>>>>>
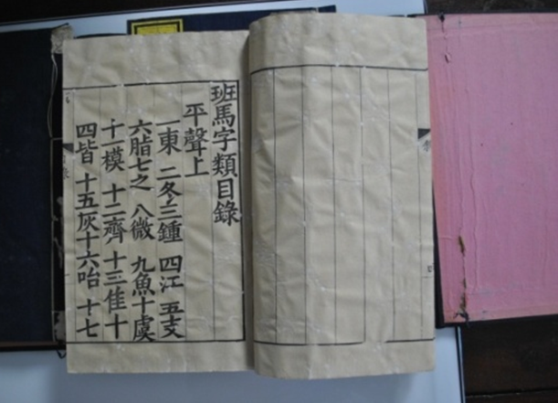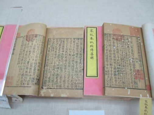 《宋板春秋经传集解》共四函三十二册,四眼线装,粉绢衣,黄签,包角。明嘉靖翻刻宋闽山阮仲猷刻本。《孟子音义》共一册,四眼线装,蓝花锦衣,黄签,包角。明抄本。《宋板班马字类》一部三册,四眼线装,蓝绢衣,黄签,包角。清翻刻宋本。
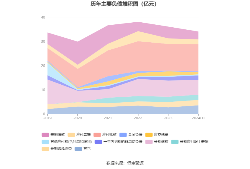 负债重大变化方面,截至2024年上半年末,公司短期借款较上年末减少32.08%,占公司总资产比重下降0.82个百分点,主要系报告期部分子企业偿还金融机构短期借款;应交税费较上年末减少50.96%,占公司总资产比重下降0.51个百分点;应付职工薪酬较上年末增加522.03%,占公司总资产比重上升0.47个百分点;长期借款较上年末减少8.32%,占公司总资产比重下降0.24个百分点,主要系报告期部分长期借款根据还款时间转至一年内到期的非流动负债。
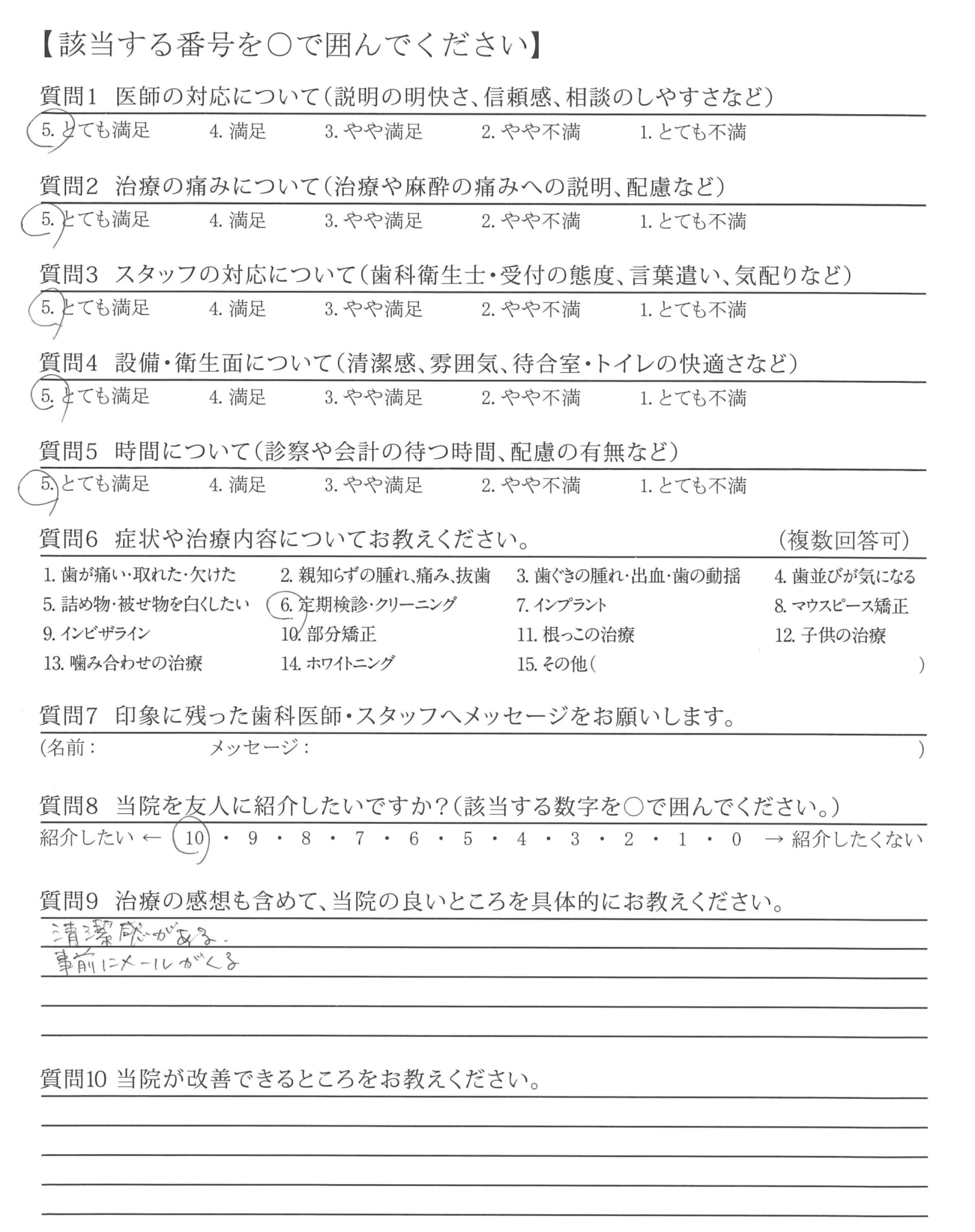当サイトに掲載しているアンケートは、第三者機関である日本歯科医療評価機構が医院の協力を得て直接患者さんへ調査を行ったもので、医院では操作のできない客観的な評価です。毎週患者さんから届くアンケート結果を集計し、このページを更新しています。
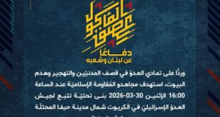 بِسْمِ اللَّـهِ الرحمن الرَّحِيمِ ﴿أُذِنَ لِلَّذِينَ يُقَاتَلُونَ بِأَنَّهُمْ ظُلِمُوا وَإِنَّ اللَّهَ عَلَىٰ نَصْرِهِمْ لَقَدِيرٌ﴾ صَدَقَ اللهُ العَلِيّ العَظِيم دفاعًا عن لبنان وشعبه، وردًّا على تمادي العدوّ في قصف المدنيّين والتهجير وهدم البيوت، استهدف مجاهدو المُقاومة الإسلاميّة عند الساعة 16:00 الإثنين 30-03-2026 بنى تحتيّة تتبع لجيش العدوّ الإسرائيليّ في الكريوت شمال مدينة حيفا المحتلّة بصليةٍ صاروخيّة. ﴿وَمَا النَّصْرُ إِلاَّ مِنْ عِندِ …
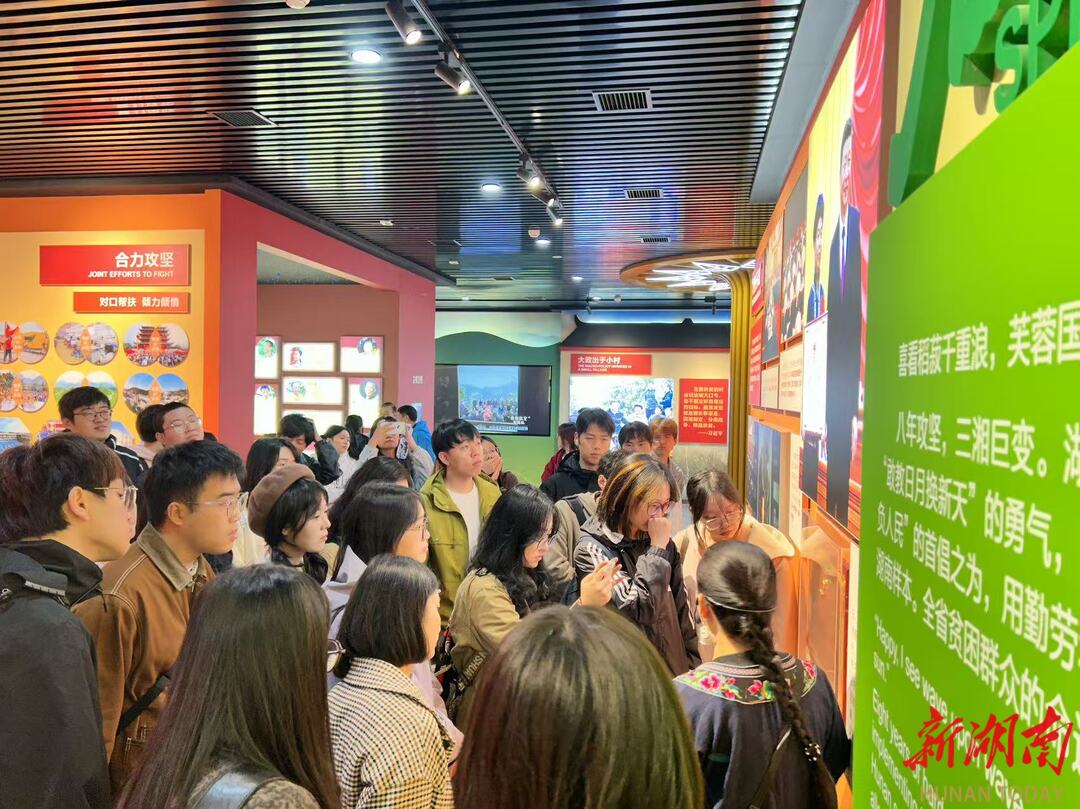 在前往十八洞村的大巴上,同学们通过知识问答进一步了解十八洞村的脱贫历程。抵达后,大家冒雨参观了精准扶贫陈列馆,观看专题短片,深入了解2013年“精准扶贫”理念首次提出的历史场景。沿着“精准扶贫”步道,同学们实地考察了村庄基础设施改造情况,了解村民人均收入、村集体经济等发展数据,切身感受脱贫攻坚带来的巨大变化。
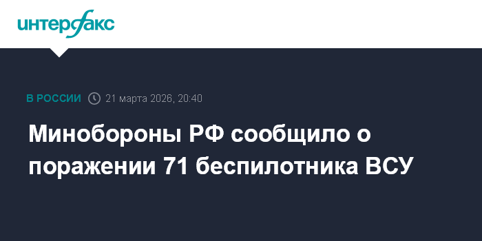 Москва. 21 марта. INTERFAX.RU - Российские военные сообщили, что с 14:00 до 20:00 в субботу дежурными средствами ПВО перехвачен и уничтожен 71 украинский беспилотный летательный аппарат самолетного типа.
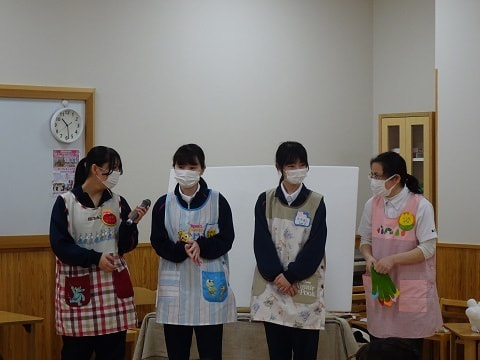 学生による手遊びやパネルシアター「素敵なぼうしやさん」が披露されました。
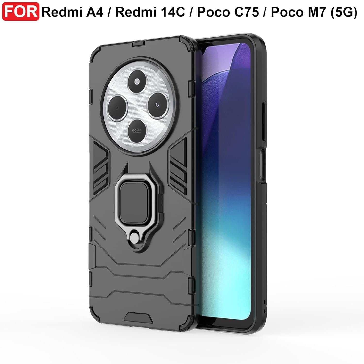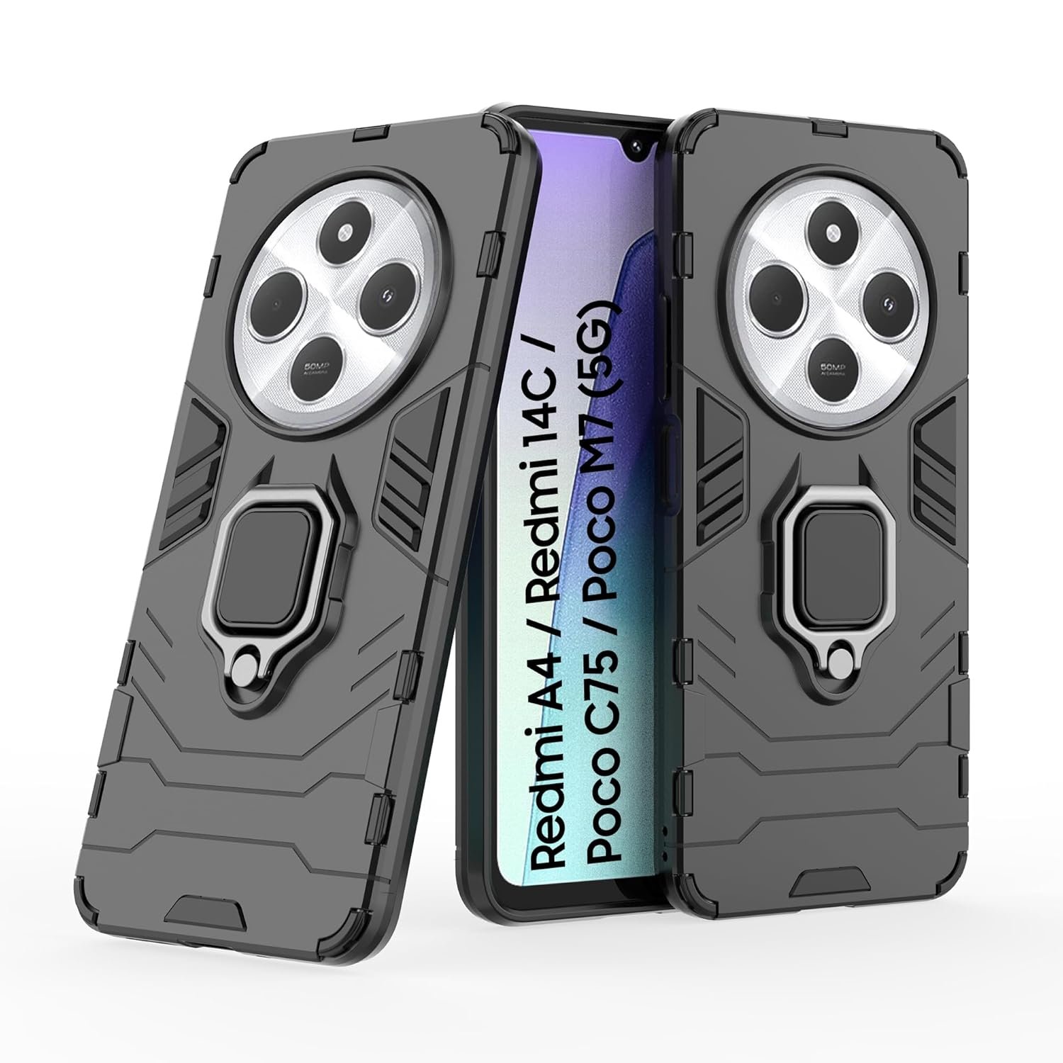 CEDO Rugged Redmi 14C (4G)/ Redmi 14C (5G)/ Redmi A4/ Poco C75/ Poco M7 (5G) Kickstand Case | Built-in Stand Rotating Ring Holder | Military Grade Armor Bumper Back Cover (Black)
<<<<<
**Work instructions**
Pictures are to be left out. Otherwise, copy the material above exactly.

**Exercise result**
 《宋板春秋经传集解》共四函三十二册,四眼线装,粉绢衣,黄签,包角。明嘉靖翻刻宋闽山阮仲猷刻本。《孟子音义》共一册,四眼线装,蓝花锦衣,黄签,包角。明抄本。《宋板班马字类》一部三册,四眼线装,蓝绢衣,黄签,包角。清翻刻宋本。
 负债重大变化方面,截至2024年上半年末,公司短期借款较上年末减少32.08%,占公司总资产比重下降0.82个百分点,主要系报告期部分子企业偿还金融机构短期借款;应交税费较上年末减少50.96%,占公司总资产比重下降0.51个百分点;应付职工薪酬较上年末增加522.03%,占公司总资产比重上升0.47个百分点;长期借款较上年末减少8.32%,占公司总资产比重下降0.24个百分点,主要系报告期部分长期借款根据还款时间转至一年内到期的非流动负债。
当サイトに掲載しているアンケートは、第三者機関である日本歯科医療評価機構が医院の協力を得て直接患者さんへ調査を行ったもので、医院では操作のできない客観的な評価です。毎週患者さんから届くアンケート結果を集計し、このページを更新しています。
 بِسْمِ اللَّـهِ الرحمن الرَّحِيمِ ﴿أُذِنَ لِلَّذِينَ يُقَاتَلُونَ بِأَنَّهُمْ ظُلِمُوا وَإِنَّ اللَّهَ عَلَىٰ نَصْرِهِمْ لَقَدِيرٌ﴾ صَدَقَ اللهُ العَلِيّ العَظِيم دفاعًا عن لبنان وشعبه، وردًّا على تمادي العدوّ في قصف المدنيّين والتهجير وهدم البيوت، استهدف مجاهدو المُقاومة الإسلاميّة عند الساعة 16:00 الإثنين 30-03-2026 بنى تحتيّة تتبع لجيش العدوّ الإسرائيليّ في الكريوت شمال مدينة حيفا المحتلّة بصليةٍ صاروخيّة. ﴿وَمَا النَّصْرُ إِلاَّ مِنْ عِندِ …
 在前往十八洞村的大巴上,同学们通过知识问答进一步了解十八洞村的脱贫历程。抵达后,大家冒雨参观了精准扶贫陈列馆,观看专题短片,深入了解2013年“精准扶贫”理念首次提出的历史场景。沿着“精准扶贫”步道,同学们实地考察了村庄基础设施改造情况,了解村民人均收入、村集体经济等发展数据,切身感受脱贫攻坚带来的巨大变化。
 Москва. 21 марта. INTERFAX.RU - Российские военные сообщили, что с 14:00 до 20:00 в субботу дежурными средствами ПВО перехвачен и уничтожен 71 украинский беспилотный летательный аппарат самолетного типа.
 学生による手遊びやパネルシアター「素敵なぼうしやさん」が披露されました。
 CEDO Rugged Redmi 14C (4G)/ Redmi 14C (5G)/ Redmi A4/ Poco C75/ Poco M7 (5G) Kickstand Case | Built-in Stand Rotating Ring Holder | Military Grade Armor Bumper Back Cover (Black)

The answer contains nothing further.